▶ **AIM OF THE EXERCISE**
Set down the data below without change, skipping the pictures it holds.
====
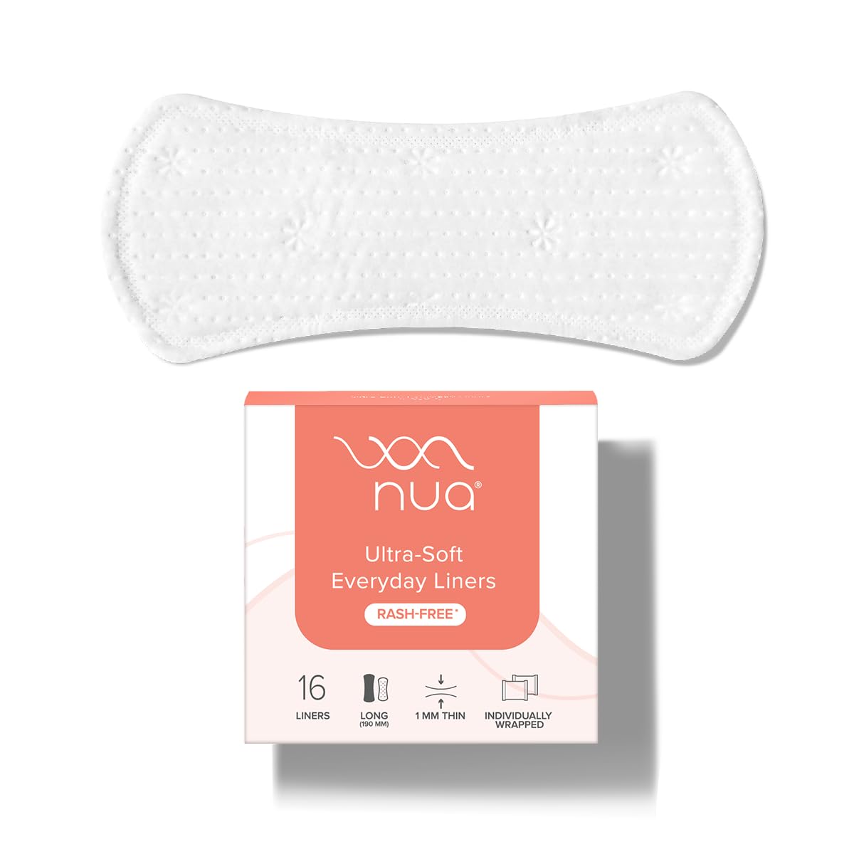 Stay fresh and comfortable all day with Nua Ultra-Soft Panty Liners. Perfect for daily use these liners are 190mm long providing just the right coverage to keep you dry and confident. Designed to protect against unexpected discharge and leaks they keep you feeling fresh throughout the day. Each liner comes with an individual disposable cover making them easy to discard. Plus they're rash-free toxin-free and gentle on your skin. Choose Nua for a reliable and comfortable experience making it a must-have for your daily hygiene routine.
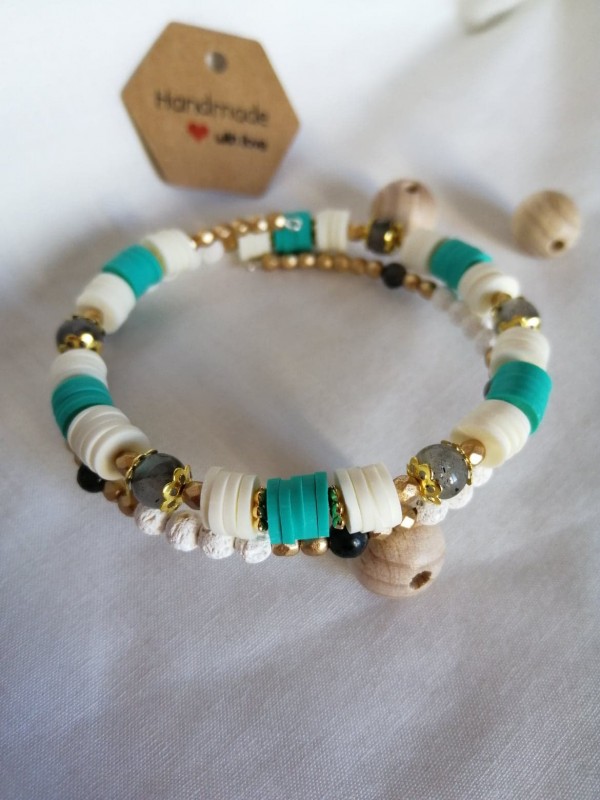 Decidimos mezclar dos elementos esenciales del verano para esta sencilla joyería de bricolaje. Heishi perlas y piedras preciosas o piedras naturales. En este paso a paso, encuentre dos modelos diferentes de varillas. Uno elegante y sofisticado, y el otro en colores vivos con un magnífico color turquesa.
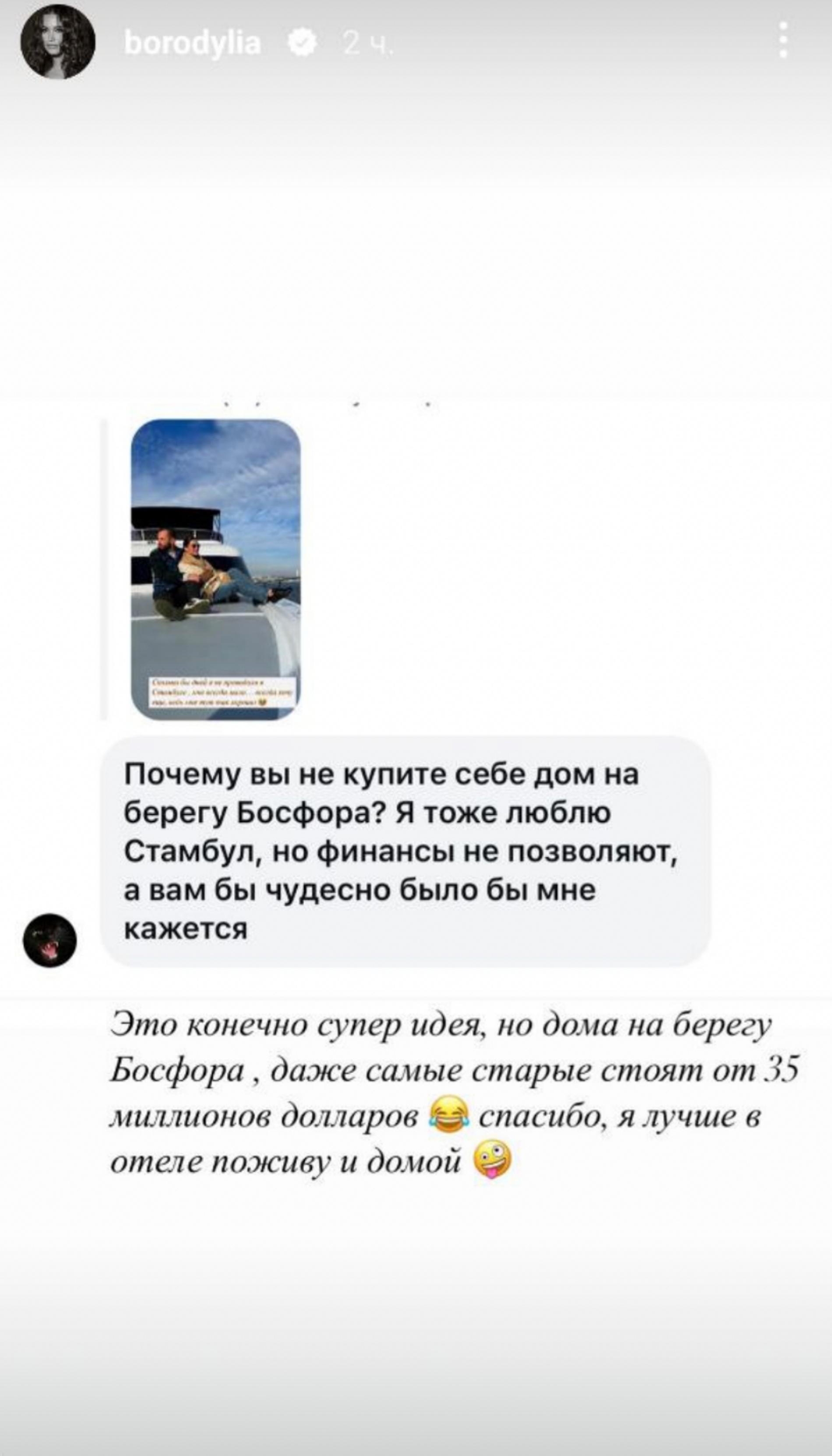 Буквально каждый снимок и ролик Ксения сопровождает признаниями в любви Стамбулу. В связи с этим одна из подписчиц поинтересовалась у телеведущей, почему она все еще не приобрела недвижимость в любимом городе? «Почему вы не купите себе дом на берегу Босфора? Я тоже люблю, но финансы не позволяют. А вам чудесно было бы, мне кажется», — обратились к Ксении в директе. Звезда дала понять, что и для нее такое приобретение — непозволительная роскошь.
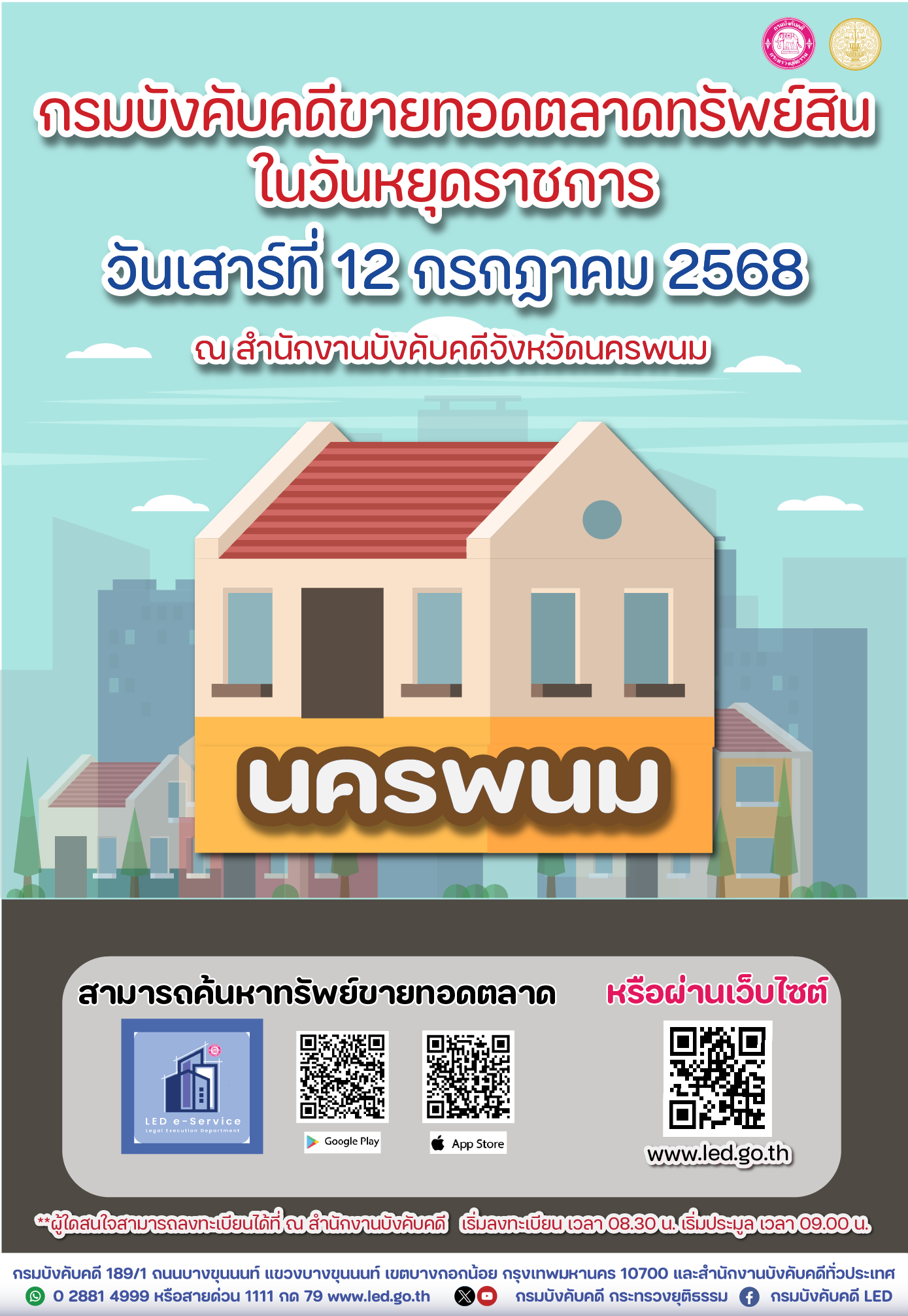 กรมบังคับคดี เชิญร่วมงานขายทอดตลาดทรัพย์สินในวันหยุดราชการ ในวันเสาร์ที่ 12 กรกฎาคม 2568 ณ สำนักงานบังคับคดีจังหวัดนครพนม เริ่มลงทะเบียน เวลา 8.30 น. เริ่มประมูล เวลา 09.00 น.
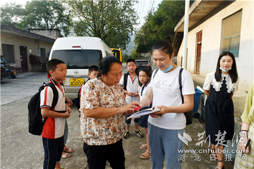 9月2日17時47分,崇陽縣天城鎮(zhèn)鹿門鋪村9組村民黃燕保站在家門口等待乘坐校車的侄兒、侄女。
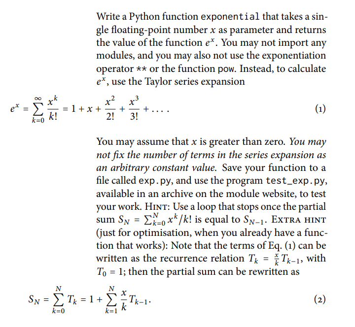 Solved Write a Python function exponential that takes a sin- | Chegg.com
====
▶ **EXERCISE ANSWER**
 Stay fresh and comfortable all day with Nua Ultra-Soft Panty Liners. Perfect for daily use these liners are 190mm long providing just the right coverage to keep you dry and confident. Designed to protect against unexpected discharge and leaks they keep you feeling fresh throughout the day. Each liner comes with an individual disposable cover making them easy to discard. Plus they're rash-free toxin-free and gentle on your skin. Choose Nua for a reliable and comfortable experience making it a must-have for your daily hygiene routine.
 Decidimos mezclar dos elementos esenciales del verano para esta sencilla joyería de bricolaje. Heishi perlas y piedras preciosas o piedras naturales. En este paso a paso, encuentre dos modelos diferentes de varillas. Uno elegante y sofisticado, y el otro en colores vivos con un magnífico color turquesa.
 Буквально каждый снимок и ролик Ксения сопровождает признаниями в любви Стамбулу. В связи с этим одна из подписчиц поинтересовалась у телеведущей, почему она все еще не приобрела недвижимость в любимом городе? «Почему вы не купите себе дом на берегу Босфора? Я тоже люблю, но финансы не позволяют. А вам чудесно было бы, мне кажется», — обратились к Ксении в директе. Звезда дала понять, что и для нее такое приобретение — непозволительная роскошь.
 กรมบังคับคดี เชิญร่วมงานขายทอดตลาดทรัพย์สินในวันหยุดราชการ ในวันเสาร์ที่ 12 กรกฎาคม 2568 ณ สำนักงานบังคับคดีจังหวัดนครพนม เริ่มลงทะเบียน เวลา 8.30 น. เริ่มประมูล เวลา 09.00 น.
 9月2日17時47分,崇陽縣天城鎮(zhèn)鹿門鋪村9組村民黃燕保站在家門口等待乘坐校車的侄兒、侄女。
 Solved Write a Python function exponential that takes a sin- | Chegg.com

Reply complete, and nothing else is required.